Print, word for word, every line from the beginning of the listing up to and including the line with "Figure 7. 上图,SGA走到中线,想去他最擅长的罚球区,但MPJ和Joki?立刻挡住路线。". Pictures are to be excluded.

**Supplied material:**
════
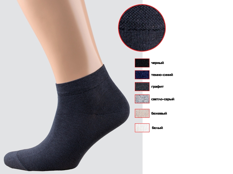 Укороченные однотонные мужские носки линии Active из гребенного длинноволокнистого хлопка с добавлением полиамида и эластана для эластичности и комфортной посадки. Ориентированное плетение обеспечивает повышенную прочность. Модель выполнена в шести расцветках - черной, тёмно-синей, белой, бежевой, светло-серой и графитовой. Такие носки идеально подходят для занятий спортом, а также для повседневного ношения под кроссовки или кеды. Мягкая двойная анатомическая резинка не сдавливает голень и сохраняет в норме циркуляцию крови в ногах, а усиленные двойной нитью пятка и мысок обеспечат долгую службу изделия.
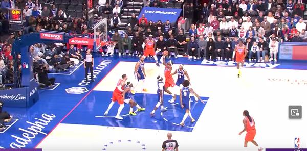 Figure 7. 上图,SGA走到中线,想去他最擅长的罚球区,但MPJ和Joki?立刻挡住路线。
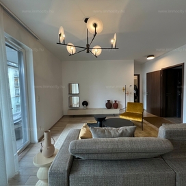 Az exkluzív, új bútorokkal berendezett lakásban mennyezeti hűtés-fűtés és padlófűtés van kiépítve.
════
**Reply to the task:**
 Укороченные однотонные мужские носки линии Active из гребенного длинноволокнистого хлопка с добавлением полиамида и эластана для эластичности и комфортной посадки. Ориентированное плетение обеспечивает повышенную прочность. Модель выполнена в шести расцветках - черной, тёмно-синей, белой, бежевой, светло-серой и графитовой. Такие носки идеально подходят для занятий спортом, а также для повседневного ношения под кроссовки или кеды. Мягкая двойная анатомическая резинка не сдавливает голень и сохраняет в норме циркуляцию крови в ногах, а усиленные двойной нитью пятка и мысок обеспечат долгую службу изделия.
 Figure 7. 上图,SGA走到中线,想去他最擅长的罚球区,但MPJ和Joki?立刻挡住路线。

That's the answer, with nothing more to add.